Your goal —
Return the whole listing exactly, omitting the pictures.

Input data —
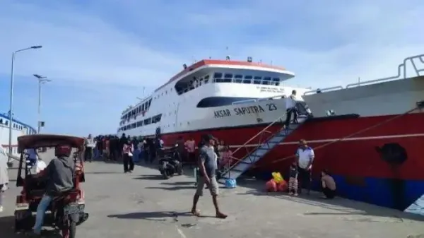 Kapal ini bisa mengangkut rutusan penumpang yang akan berlayar ke tujuan masing-masing.
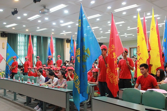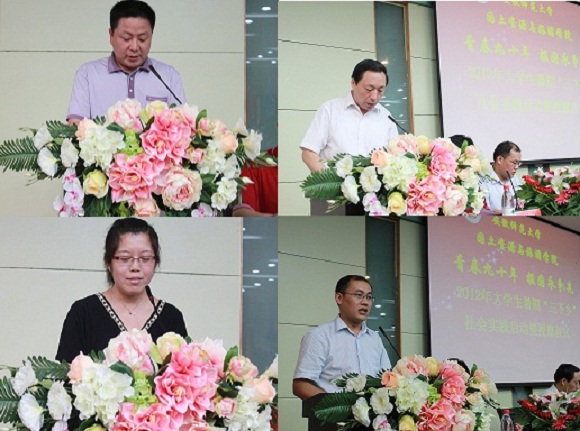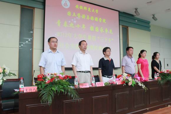 “青春九十年,报国永争先”。6月29日下午,学院在实验楼101教室召开2012年大学生暑期“三下乡”社会实践活动动员大会暨启动授旗仪式。校党委学工部部长、学生处处长台启权、校团委秘书胡悦超、学院暑期社会实践团队思政指导老师牛菲,学院全体领导班子成员出席了大会,所有团队指导老师及队员参加了启动仪式。会议由院团委副书记张鑫主持。
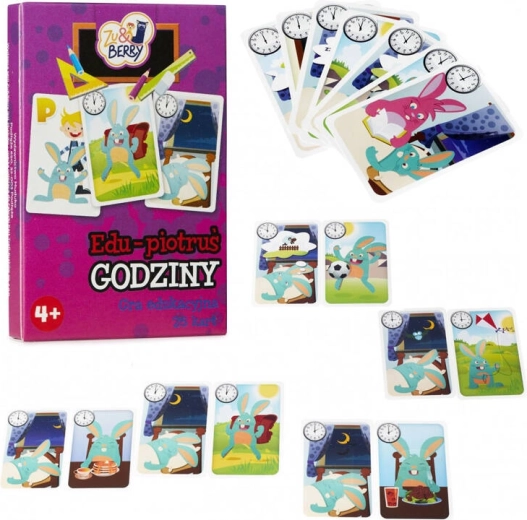 Versiunea educativă a clasicului joc Piotruș dezvoltă gândirea logică, spiritul de observație și abilitatea de asociere. Copiii potrivesc cărți cu aceeași oră pe ceas, dar cu momente diferite ale zilei – de exemplu, la 2:00 putem dormi liniștiți sau lua prânzul. Jocul este distractiv și, în același timp, îi învață să citească ora pe ceasuri analogice.

Written solution —
 Kapal ini bisa mengangkut rutusan penumpang yang akan berlayar ke tujuan masing-masing.
 “青春九十年,报国永争先”。6月29日下午,学院在实验楼101教室召开2012年大学生暑期“三下乡”社会实践活动动员大会暨启动授旗仪式。校党委学工部部长、学生处处长台启权、校团委秘书胡悦超、学院暑期社会实践团队思政指导老师牛菲,学院全体领导班子成员出席了大会,所有团队指导老师及队员参加了启动仪式。会议由院团委副书记张鑫主持。
 Versiunea educativă a clasicului joc Piotruș dezvoltă gândirea logică, spiritul de observație și abilitatea de asociere. Copiii potrivesc cărți cu aceeași oră pe ceas, dar cu momente diferite ale zilei – de exemplu, la 2:00 putem dormi liniștiți sau lua prânzul. Jocul este distractiv și, în același timp, îi învață să citească ora pe ceasuri analogice.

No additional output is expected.